ACTION ITEM: Which lines run from the line with "HDRの規格内容自体はここで" through the line with "典礼上,校领导为每位获得学位的毕业生正冠拨苏,并颁发学位证书。" in the entries below? Print them exactly, both ends included, and nothing more.

SOURCE DATA:

Content starts

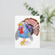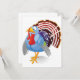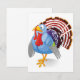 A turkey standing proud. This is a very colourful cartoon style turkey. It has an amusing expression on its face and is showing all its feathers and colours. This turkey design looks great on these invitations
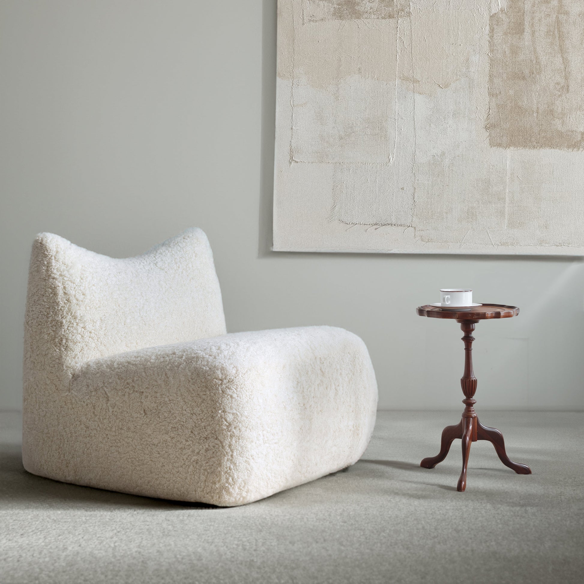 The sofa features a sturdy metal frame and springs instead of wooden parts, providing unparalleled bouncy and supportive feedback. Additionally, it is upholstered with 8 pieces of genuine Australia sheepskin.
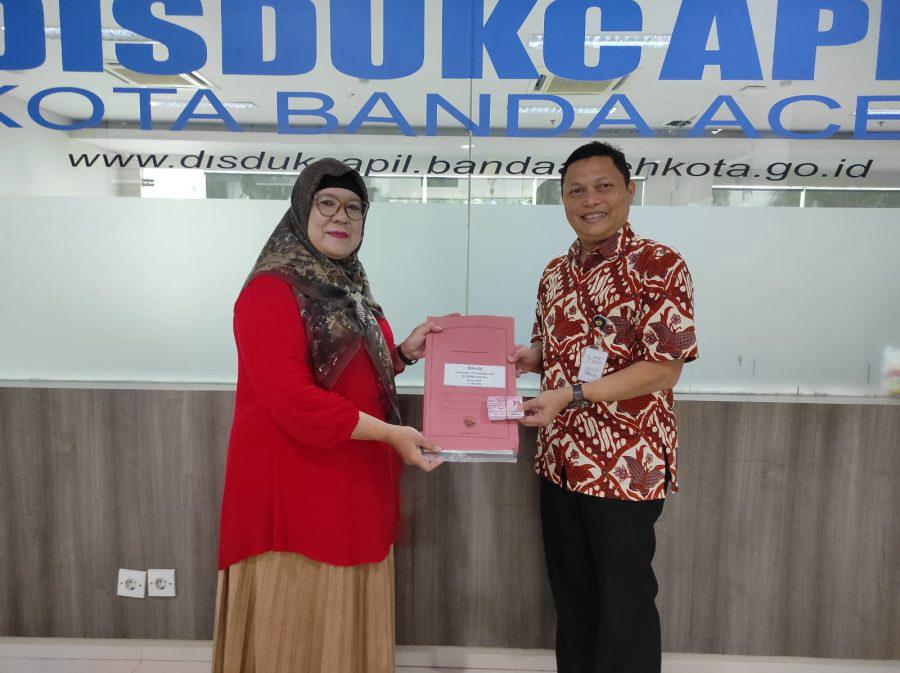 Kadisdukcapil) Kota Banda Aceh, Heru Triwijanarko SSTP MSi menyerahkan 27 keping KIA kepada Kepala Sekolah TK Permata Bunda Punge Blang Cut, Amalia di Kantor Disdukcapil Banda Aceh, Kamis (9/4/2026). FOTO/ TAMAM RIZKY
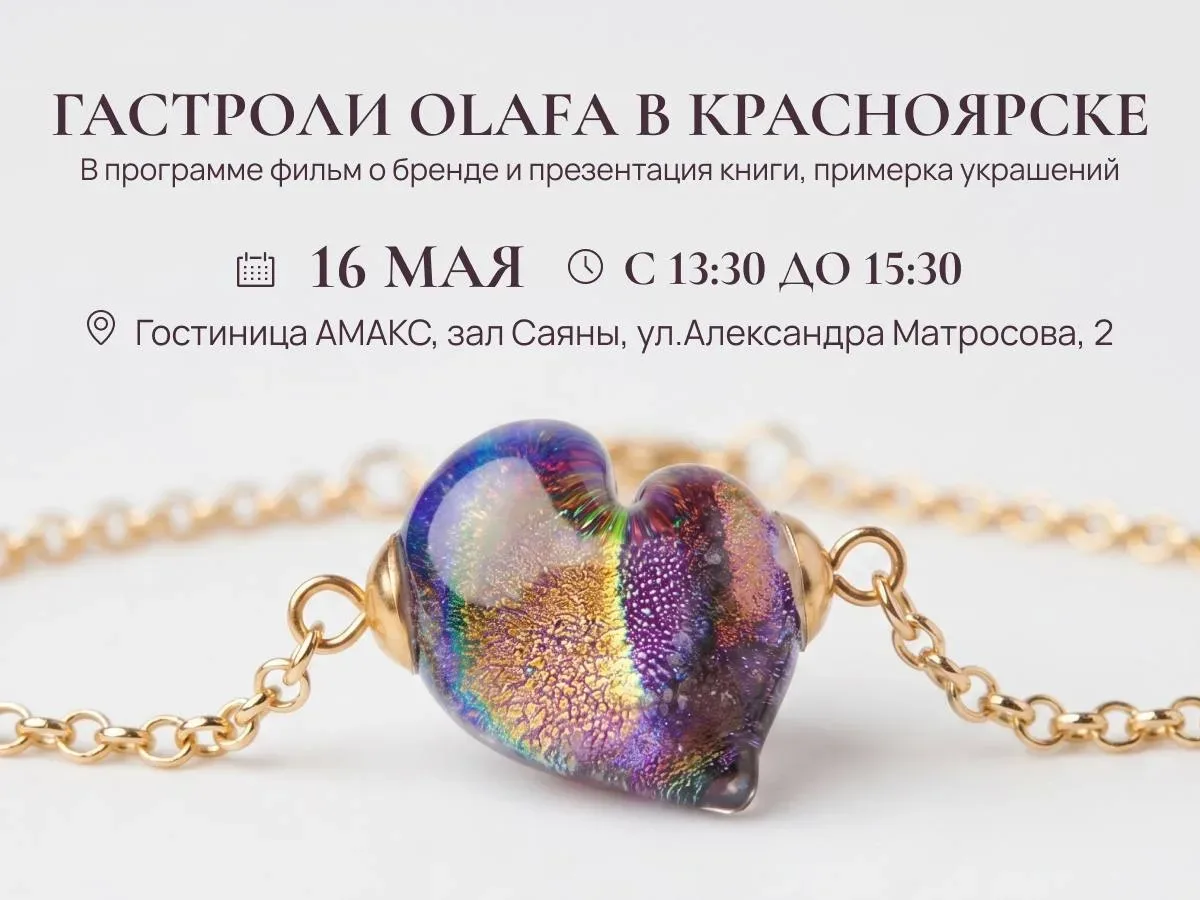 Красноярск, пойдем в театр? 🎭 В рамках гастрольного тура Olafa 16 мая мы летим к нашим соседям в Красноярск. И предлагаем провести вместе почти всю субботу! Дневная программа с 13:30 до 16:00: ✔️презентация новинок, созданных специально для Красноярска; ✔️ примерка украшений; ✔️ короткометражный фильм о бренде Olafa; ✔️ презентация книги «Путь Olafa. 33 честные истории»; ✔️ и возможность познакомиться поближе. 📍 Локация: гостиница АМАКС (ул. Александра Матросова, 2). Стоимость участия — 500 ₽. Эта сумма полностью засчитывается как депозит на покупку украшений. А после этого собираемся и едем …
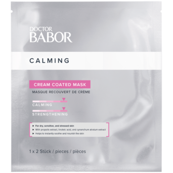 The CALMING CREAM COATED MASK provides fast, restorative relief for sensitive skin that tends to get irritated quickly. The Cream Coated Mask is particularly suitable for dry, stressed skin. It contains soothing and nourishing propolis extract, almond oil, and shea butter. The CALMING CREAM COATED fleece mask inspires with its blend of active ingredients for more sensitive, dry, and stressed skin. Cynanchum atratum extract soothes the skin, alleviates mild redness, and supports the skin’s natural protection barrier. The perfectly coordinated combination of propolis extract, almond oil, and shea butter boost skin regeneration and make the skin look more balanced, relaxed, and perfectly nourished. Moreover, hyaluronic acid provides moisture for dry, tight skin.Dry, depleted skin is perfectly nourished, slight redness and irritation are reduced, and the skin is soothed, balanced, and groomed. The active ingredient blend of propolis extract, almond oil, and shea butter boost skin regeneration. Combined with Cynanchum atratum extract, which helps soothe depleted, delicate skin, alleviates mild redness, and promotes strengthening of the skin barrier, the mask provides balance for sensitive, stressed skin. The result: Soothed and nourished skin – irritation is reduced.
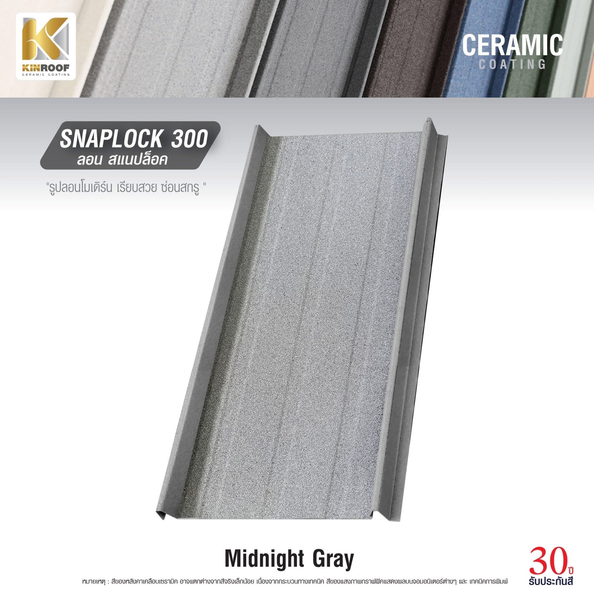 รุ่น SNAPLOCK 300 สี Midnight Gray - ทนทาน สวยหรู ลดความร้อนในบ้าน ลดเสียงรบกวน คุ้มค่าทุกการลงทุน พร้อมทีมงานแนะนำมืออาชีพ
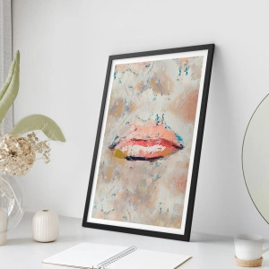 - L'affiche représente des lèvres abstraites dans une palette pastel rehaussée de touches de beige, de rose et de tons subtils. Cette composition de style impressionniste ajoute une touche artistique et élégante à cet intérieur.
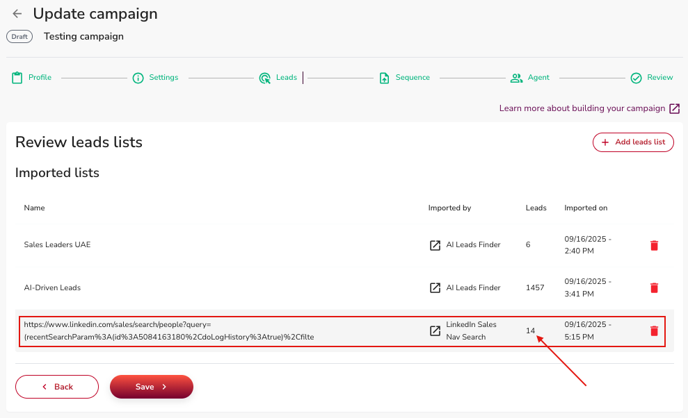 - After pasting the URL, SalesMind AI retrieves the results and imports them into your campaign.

Content ends
Content starts

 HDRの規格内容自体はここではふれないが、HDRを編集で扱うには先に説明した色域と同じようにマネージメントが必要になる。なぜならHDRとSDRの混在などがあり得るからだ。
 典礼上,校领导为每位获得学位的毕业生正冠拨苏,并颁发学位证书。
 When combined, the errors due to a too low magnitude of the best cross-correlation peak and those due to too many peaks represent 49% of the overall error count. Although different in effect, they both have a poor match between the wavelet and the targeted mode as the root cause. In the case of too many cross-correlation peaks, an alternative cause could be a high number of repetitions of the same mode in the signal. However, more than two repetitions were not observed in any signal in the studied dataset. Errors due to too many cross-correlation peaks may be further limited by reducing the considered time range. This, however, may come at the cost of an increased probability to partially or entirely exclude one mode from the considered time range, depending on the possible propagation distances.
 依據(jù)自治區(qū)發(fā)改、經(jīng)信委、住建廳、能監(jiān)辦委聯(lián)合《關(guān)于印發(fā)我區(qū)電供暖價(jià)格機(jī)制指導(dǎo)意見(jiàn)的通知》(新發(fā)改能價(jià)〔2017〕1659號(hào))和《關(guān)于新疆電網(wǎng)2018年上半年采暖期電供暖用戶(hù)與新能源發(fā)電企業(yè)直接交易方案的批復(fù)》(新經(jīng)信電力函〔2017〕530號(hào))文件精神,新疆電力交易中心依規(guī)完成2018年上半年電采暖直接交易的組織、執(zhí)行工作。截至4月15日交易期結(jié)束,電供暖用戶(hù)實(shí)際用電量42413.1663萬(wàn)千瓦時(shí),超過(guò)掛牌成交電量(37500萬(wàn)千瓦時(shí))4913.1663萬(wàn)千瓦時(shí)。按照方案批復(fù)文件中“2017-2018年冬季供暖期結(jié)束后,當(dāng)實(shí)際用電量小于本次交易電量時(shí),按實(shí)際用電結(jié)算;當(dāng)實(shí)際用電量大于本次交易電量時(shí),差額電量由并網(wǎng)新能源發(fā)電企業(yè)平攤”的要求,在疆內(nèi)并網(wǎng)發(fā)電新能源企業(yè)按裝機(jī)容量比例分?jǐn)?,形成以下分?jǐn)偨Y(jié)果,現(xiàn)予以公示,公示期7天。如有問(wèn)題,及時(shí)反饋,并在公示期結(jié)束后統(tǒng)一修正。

Content ends

EXERCISE SOLUTION:
 HDRの規格内容自体はここではふれないが、HDRを編集で扱うには先に説明した色域と同じようにマネージメントが必要になる。なぜならHDRとSDRの混在などがあり得るからだ。
 典礼上,校领导为每位获得学位的毕业生正冠拨苏,并颁发学位证书。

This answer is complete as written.